Conversely, the absence of substantial downward pressure has sustained the prospect of challenging the 150-yen milestone, albeit without a discernible trigger. While concerns regarding intervention at higher levels persist, the current volatility in the yen’s exchange rate does not seem to warrant justifying intervention at this point.

The previous day’s foreign exchange market experienced fluctuations following a speech by Federal Reserve Chairman Powell. While Chairman Powell seemed to rule out an imminent rate hike in the upcoming FOMC meeting, he has left the door open to the possibility of additional rate increases. The existing economic landscape, marked by less-than-ideal inflation and employment conditions, stands in contrast to the surging U.S. Treasury yields, which are effectively emulating rate hikes. This situation could be contributing to a sense of caution regarding future rate hikes. Furthermore, given the elevated geopolitical risks in Ukraine and the Middle East, an array of uncertainties stemming from geopolitical factors is prevalent.

In the Eurodollar pair, we observed a resurgence in buying interest, briefly pushing the pair toward the 1.06-dollar range. The 21-day moving average for the day is positioned around 1.0560 dollars, and it appears to be on the cusp of surpassing this level. Despite sporadic signs of buying interest in the Eurodollar pair since October, substantial resistance at higher price levels remains evident. The pair has yet to manifest a self-sustained rebound within the overarching downtrend.

Looking ahead to next week, the European Central Bank (ECB) is set to convene for a board meeting, with a decision to maintain interest rates widely expected. However, there’s growing anticipation that discussions may commence regarding the reduction of reinvestments in government bonds purchased under the Pandemic Emergency Purchase Program (PEPP). Nonetheless, the ECB is rumored to be approaching this topic with caution, particularly in light of the recent expansion in yield spreads across Eurozone bonds. Speculation suggests that while discussions might commence, the timeline for implementation could be relatively extended, potentially exacerbating yield differentials between German and Italian bonds.

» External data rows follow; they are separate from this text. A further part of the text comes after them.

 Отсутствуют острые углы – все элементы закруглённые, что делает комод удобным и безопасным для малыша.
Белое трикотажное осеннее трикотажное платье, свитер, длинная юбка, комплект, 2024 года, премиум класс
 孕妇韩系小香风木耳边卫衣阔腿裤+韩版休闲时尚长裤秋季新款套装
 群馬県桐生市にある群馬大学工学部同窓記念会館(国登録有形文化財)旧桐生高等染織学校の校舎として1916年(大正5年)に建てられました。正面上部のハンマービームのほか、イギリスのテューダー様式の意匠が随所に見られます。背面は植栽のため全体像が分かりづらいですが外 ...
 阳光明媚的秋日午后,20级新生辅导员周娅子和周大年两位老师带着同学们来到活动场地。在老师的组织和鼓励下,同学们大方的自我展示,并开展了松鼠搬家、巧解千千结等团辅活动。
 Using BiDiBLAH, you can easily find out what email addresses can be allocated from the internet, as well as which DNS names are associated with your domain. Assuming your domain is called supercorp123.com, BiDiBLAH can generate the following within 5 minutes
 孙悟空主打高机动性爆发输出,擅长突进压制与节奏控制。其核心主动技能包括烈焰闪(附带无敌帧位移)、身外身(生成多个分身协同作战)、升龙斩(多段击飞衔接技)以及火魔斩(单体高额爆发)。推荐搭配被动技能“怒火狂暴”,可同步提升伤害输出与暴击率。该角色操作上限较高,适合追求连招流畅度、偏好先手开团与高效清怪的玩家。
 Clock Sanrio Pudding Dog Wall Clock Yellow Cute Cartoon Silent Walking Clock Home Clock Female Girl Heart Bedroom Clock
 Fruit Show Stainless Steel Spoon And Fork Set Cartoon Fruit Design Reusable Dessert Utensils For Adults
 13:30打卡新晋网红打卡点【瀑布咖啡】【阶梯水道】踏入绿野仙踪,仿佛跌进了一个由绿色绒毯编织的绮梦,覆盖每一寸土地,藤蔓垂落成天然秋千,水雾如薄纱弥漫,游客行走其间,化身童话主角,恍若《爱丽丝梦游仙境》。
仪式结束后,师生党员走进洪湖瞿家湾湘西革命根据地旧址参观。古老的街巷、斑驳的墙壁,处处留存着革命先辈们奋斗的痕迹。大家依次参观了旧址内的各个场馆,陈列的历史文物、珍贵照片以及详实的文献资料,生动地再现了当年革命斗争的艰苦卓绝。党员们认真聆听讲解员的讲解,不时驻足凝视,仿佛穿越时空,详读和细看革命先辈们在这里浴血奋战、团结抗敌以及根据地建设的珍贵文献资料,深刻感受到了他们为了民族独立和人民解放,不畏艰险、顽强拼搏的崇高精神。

Turning our attention to the British pound against the U.S. dollar, we observed a resurgence in buying interest, propelling the pair back into the mid-1.21-dollar range. The 21-day moving average for the day is situated around 1.2185 dollars, signifying the prevailing range-bound trading dynamics.

In light of the recently released September UK retail sales data, which exhibited a more significant decline than anticipated, there are indications that consumers are becoming more conservative in their spending habits amid rising interest rates. This development not only suggests concerns about a substantial dip in personal consumption but also presents the Bank of England with a grimmer economic outlook. The likelihood of a November rate hike has significantly diminished, primarily driven by widespread declines in retail sales, offset only by a marginal uptick in grocery store sales.